2. Now suppose that the business is seasonal. Suppose that the expected monthly cash flow during Oct, Nov, and Dec is $20 and $10 for the other months. Suppose that the retention rate is constant across all months. Consider customers acquired as of June 1, so period 1 is June, 2 July, ..., 5 October, 6 November, 7 December, ..., 17 October, 18, November, .... Compute LTV for retention rates of 80%, 90%, and 95%.

Question 2. Consider the topic of business failures. See the attached data in BUSFAIL.xls and import into your favorite statistic software program (SPSS, MiniTab, etc.) The table gives data for each state on the number of failed businesses and the population in thousands from the Statistical Abstract of the United States.
1. Construct box plots or histograms of the two variables separately. Describe the distribution of each (e.g., are they normal, right skewed, left skewed, etc.?)
2. Construct a scatter plot (Graph / Plot in Minitab) of business failures (Y) against population (X). Describe the relationship.
3. Does the linear regression model appear to hold? Why or why not?
4. Compute the logarithm of each variable (logpop and logfail). In Minitab go into Calc / Calculator. Type logpop into the "Store result in variable box." Type LOGE(pop) in the "Expression" box. Do the same for failures. In SPSS use Transform / Compute, and the ln function.
5. Construct boxplots or histograms of the logged versions of the two variables separately. Describe the distribution of each (e.g., are they normal, right skewed, left skewed, etc.?)
6. Construct a scatterplot (Graph / Plot in Minitab) of log(business failures) (logfail) against log(population) (logpop). Describe the relationship.
7. Regress logfail (dependent variable) on logpop (predictor variable). Report the value of the regression equation.
8. Find the two-sided 95% confidence interval for the slope. Hint: take the "Coef" (slope estimate) plus or minus 1.96 times the standard error (SE Coef in the next column).
9. Test at the 5% level to see whether there is a significant relationship between the logs of failure and of population.
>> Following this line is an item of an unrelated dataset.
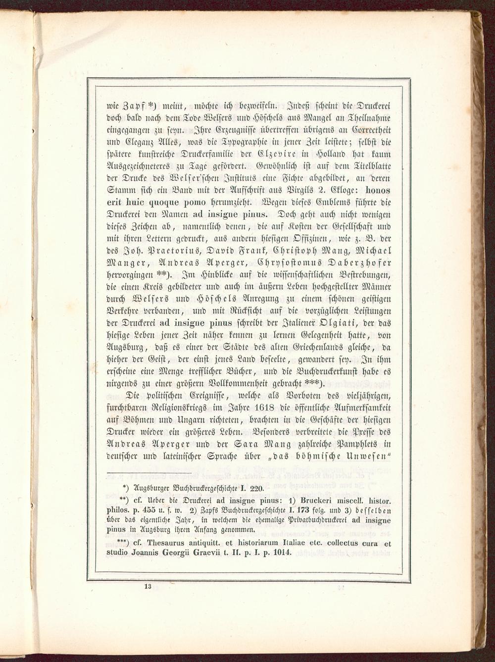 wie Zapf ^) meint, möchte ich bezweifeln. Indeß scheint die Druckereidoch bald nach dein Tode Welscrs und Höschels aus Mangel an Theilnahmeeingegangen zu seyn. Ihre Erzeugnisse übertreffen übrigens an Corrcetheitund Eleganz Alles, was die Typographie in jener Zeit leistete; selbst diespatere kunstreiche Dmckerfamilie der Elzevire in Holland hat kaumAusgezeichneteres zu Tage gefordert. Gewohnlich ist auf dem Titelblatteder Drucke des Welser'schcn Instituts eine Fichte abgebildet, an derenStamm sich ein Band mit der Aufschrift aus Virgils 2. Ekloge: Iimios61-it Iiuio l^uo^ue poino herumzieht. Wegen dieses Emblems führte dieDruckerei den Namen ad iu-ütKus piun«. Doch geht auch nicht wenigendieses Zeichen ab, namentlich denen, die auf Kosten der Gesellschaft undmit ihren Lettern gedruckt, aus andern hiesigen Offizinen, wie z. B. derdes Job. Praetorius, David Frank, Christoph Mang, MichaelMangcr, Andreas Aperger , Chrysostomus Daberzhoferhervorgingen Im Hinblicke auf die wissenschaftlichen Bestrebungen,die einen Kreis gebildeter und auch im äußern Leben hochgestellter Männerdurch Welsers und Höschels Anregung zu einem schönen geistigenVerkehre verbanden, und mit Rücksicht auf die vorzüglichen Leistungender Druckerei ^cl iu«iKus piuus schreibt der Italiener Olgiati, der dashiesige Leben jener Zeit näher kennen zu lernen Gelegenheit hatte, vonAugsburg, daß es einer der Städte des alten Griechenlands gleiche, daHieher der Geist, der einst jenes Land beseelte, gewandert sey. In ihmerscheine eine Menge trefflicher Bücher, und die Buchdruckcrkunst habe esnirgends zu einer größern Vollkommenheit gebracht

Explain why this is reasonable. Hint: Use the P-value in the 5th column of the coefficient estimates. Be sure to state the null and alternative hypotheses.
10. Extra credit. If the slope for the logs were exactly 1, then business failures would be proportional to population. A value greater than 1 would say that large states have proportionately more failures, and a slope less than 1 would suggest that the smaller states have proportionately more failures. Explain why this interpretation is correct. Test at the 5% level to see whether the population slope for the logs is significantly different from 1 or not, and briefly discuss your conclusion. Hint: you have to take the number from the Minitab or SPSS output and compute the P-value "by hand."

See the attached Word document (ass4.doc) for a detailed decription of the problems. Attached also a spreadsheet for the first problem to help speed your work. (example1.xls) The dataset for problem 2 is in (BUSFAIL.xls).